Cemali Sertel

Personal information
- Date of birth: 6 January 2000 (age 26)
- Place of birth: Samandağ, Turkey
- Height: 1.86 m (6 ft 1 in)
- Position: Left back

Team information
- Current team: Çorum
- Number: 19

Youth career
- 2013–2015: Hatayspor
- 2015–2018: Eskişehirspor

Senior career*
- Years: Team / Apps / (Gls)
- 2018–2019: Eskişehirspor / 19 / (1)
- 2019–2025: İstanbul Başakşehir / 22 / (0)
- 2019–2020: → Eskişehirspor (loan) / 32 / (2)
- 2021–2022: → Çaykur Rizespor (loan) / 30 / (1)
- 2022–2023: → Antalyaspor (loan) / 18 / (0)
- 2024–2025: → Hatayspor (loan) / 44 / (2)
- 2025–: Çorum / 16 / (0)

International career^{‡}
- 2019: Turkey U19 / 3 / (0)
- 2019: Turkey U21 / 2 / (0)

= Cemali Sertel =

Turkish footballer (born 2000)

Cemali Sertel (born 6 January 2000) is a Turkish professional footballer who plays as a left-back for TFF 1. Lig club Çorum.

==Professional career==
Sertel began his professional career with Eskişehirspor.
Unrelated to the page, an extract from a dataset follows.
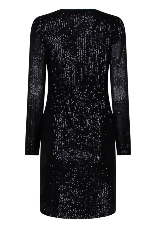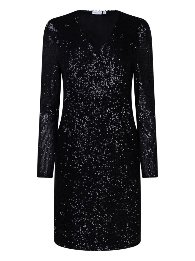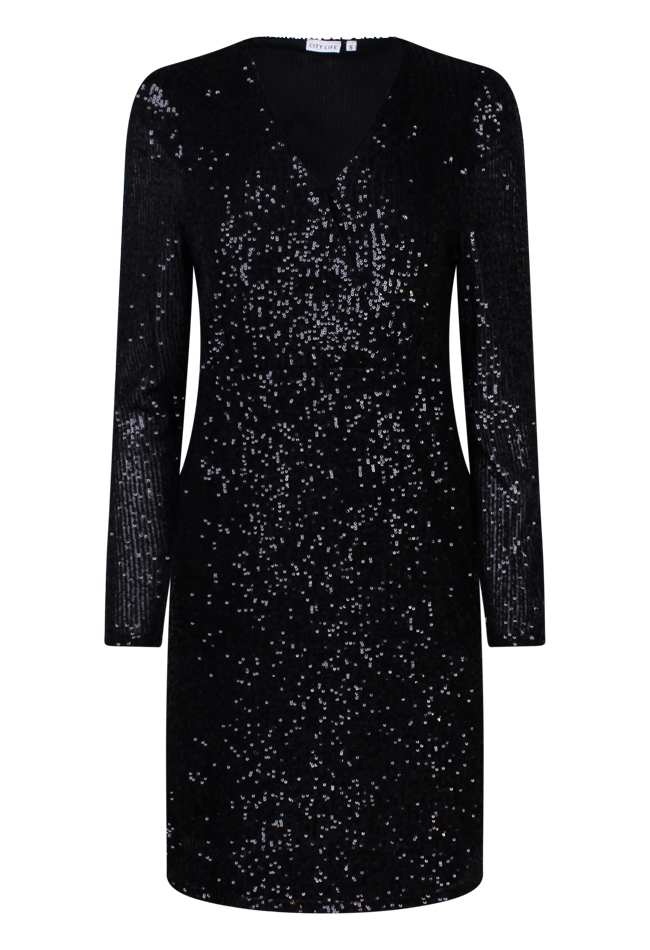 Party time! Deze prachtige jurk heeft alles wat je zoekt! Deze jurk met pailletten heeft een kleine overslag met knoopje aan de voorkant waardoor hij super mooi staat. Ga jij voor zwart, champagne of paars? Have fun!

On 29 January 2019, Sertel signed a professional contract with İstanbul Başakşehir, before returning to Eskişehirspor on a season-long loan. Sertel made his senior debut with Başakşehir in a 2–0 Süper Lig loss to Hatayspor on 14 September 2020.

On 25 July 2022, Sertel was sent on a one-season loan to Antalyaspor.